Re: Virtual User handling

2019-09-02 Thread Ede Wolf

Hello Edgar,

thanks very much for your in depth reply and the effort you've put into it.

As for the "user" keyword, the way I understand this, it that it equals 
the "as" statement in the old version.


... lmtp "/run/cyrus/lmtp" rcpt-to ->as nobody<-

Does however not work as I imangined. I am currently trying to get 6.4.2 
up and running this week, see next thread.


Back to your reply: That catchall from your example in "@ catchall" is 
not a keyword, is it? But a local user accout?


> but some real user has to own the mailbox...

Care to explain, why is that? From my unknowledgable point of view, the 
mailbox handling should be done on the other side of the lmtpd socket. 
This misconception is at the very heart of my question.


The idea being that smtpd connects to the lmtp socket as user "nobody" 
(in my example) and delivers the mail to whatever is watining on the 
other side. So the only privileges required should be to connect to the 
socket, what in turn requires a system user.


Basically I am hoping to get the same behaviour for lmtp devilvery as 
for relay, where I can specify a mail-from list and it works like a 
charm, from a 6.5 installation:


action "relay" relay host smtp+notls://192.168.1.1:25
match mail-from  for domain "example.com" action "relay"

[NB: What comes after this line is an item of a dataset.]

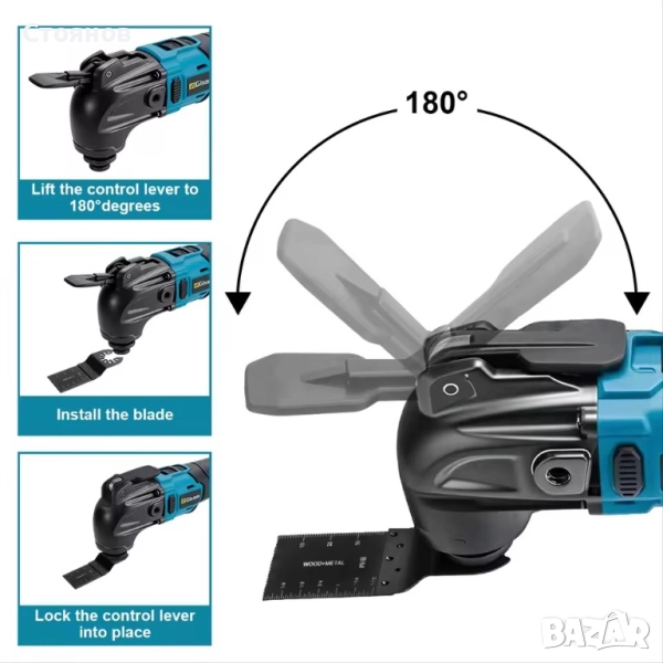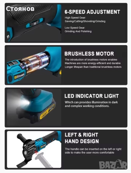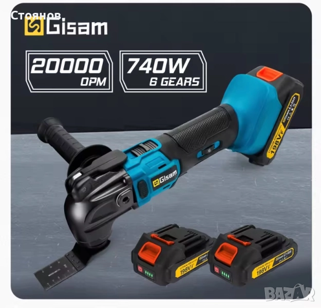 За София е възможно лично предаване. Многофункционален осцилиращ инструмент с безчетков мотор - което означава много по дълъг живот и експлоатационен период, цената включва освен инструмента и два броя мощни батерии 20 волта 6 амперчаса, двуреводи, икономична работа и тих режим, регулиране на оборотите.

Maybe with 6.4.2p with will also work with lmtp. Will hopefully be able 
to test that later this week and report back



Thanks again

Ede


Am 31.08.19 um 19:14 schrieb Edgar Pettijohn:

On Fri, Aug 30, 2019 at 11:14:37PM -0500, Edgar Pettijohn wrote:

On Fri, Aug 30, 2019 at 05:00:24PM +0200, Ede Wolf wrote:

Hello,




Semi complete example at the bottom. I'll leave it to you to reverse translate
to the old syntax. I didn't notice till after I was done and am too lazy to
change it. :) Also noticed while re-reading smtpd.conf(5) there is a `user'
keyword that can be used in an action:

  user username
  Specify the username for performing the delivery, to be
  looked up with getpwnam(3).

  This is used for virtual hosting where a single username
  is in charge of handling delivery for all virtual users.

  This option is not usable with the mbox delivery method.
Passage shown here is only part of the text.